- _Work task_: Set down, word for word, the line with "RESERVED Womens Blue" and the lines after it through the final line of the data below, without pictures.

- _Stored data_:
Segment Open

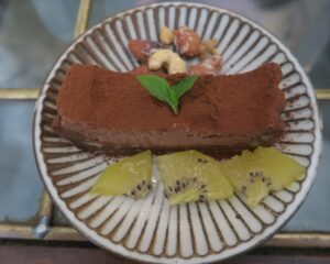 別日に再訪して、島豆腐のチョコタルトを食べました。ヴィーガンのスイーツなので、卵や牛乳は使ってないと思われますが、言われないとわからないくらいおいしいです。
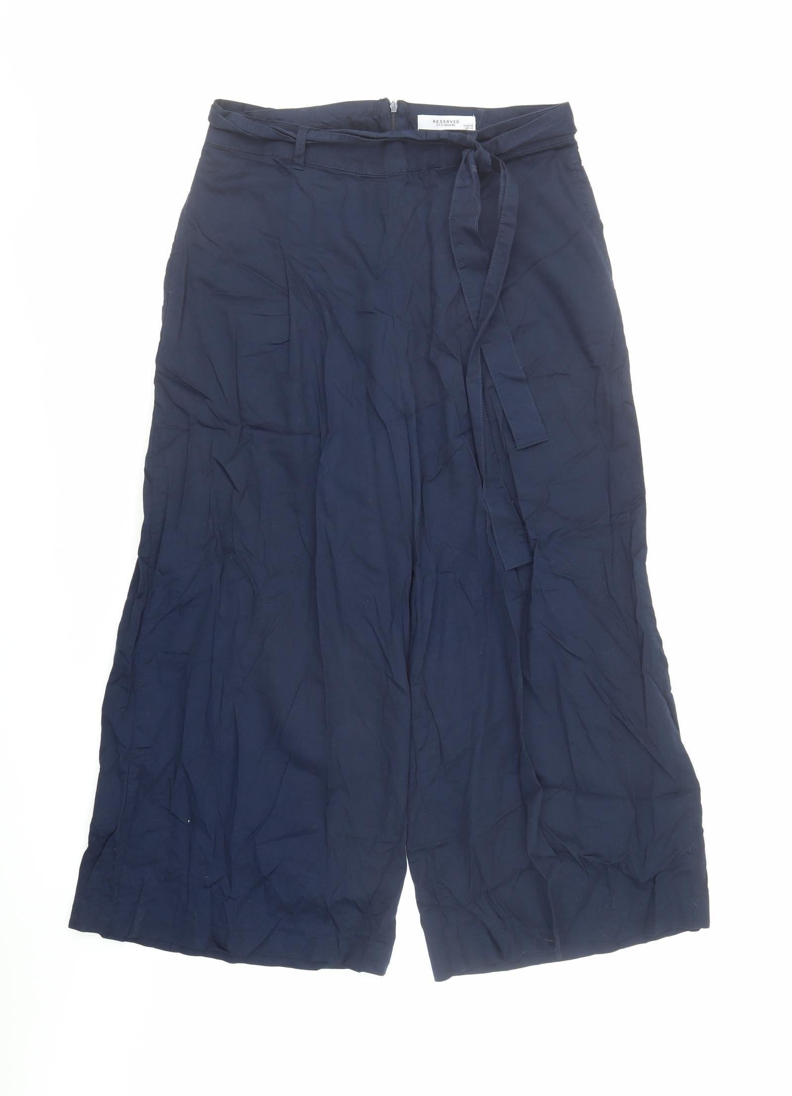 RESERVED Womens Blue Cotton Cropped Trousers Size 12 L24 in Regular Zip - Belted
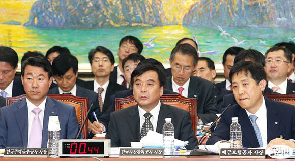 김주현 예금보험공사 사장(오른쪽부터), 장영철 한국자산관리공사 사장, 서종대 한국주택금융공사 사장이 21일 국회에서 열린 정무위의 국정감사에 증인으로 출석해 있다.

Segment Closed

- _The completed task_:
 RESERVED Womens Blue Cotton Cropped Trousers Size 12 L24 in Regular Zip - Belted
 김주현 예금보험공사 사장(오른쪽부터), 장영철 한국자산관리공사 사장, 서종대 한국주택금융공사 사장이 21일 국회에서 열린 정무위의 국정감사에 증인으로 출석해 있다.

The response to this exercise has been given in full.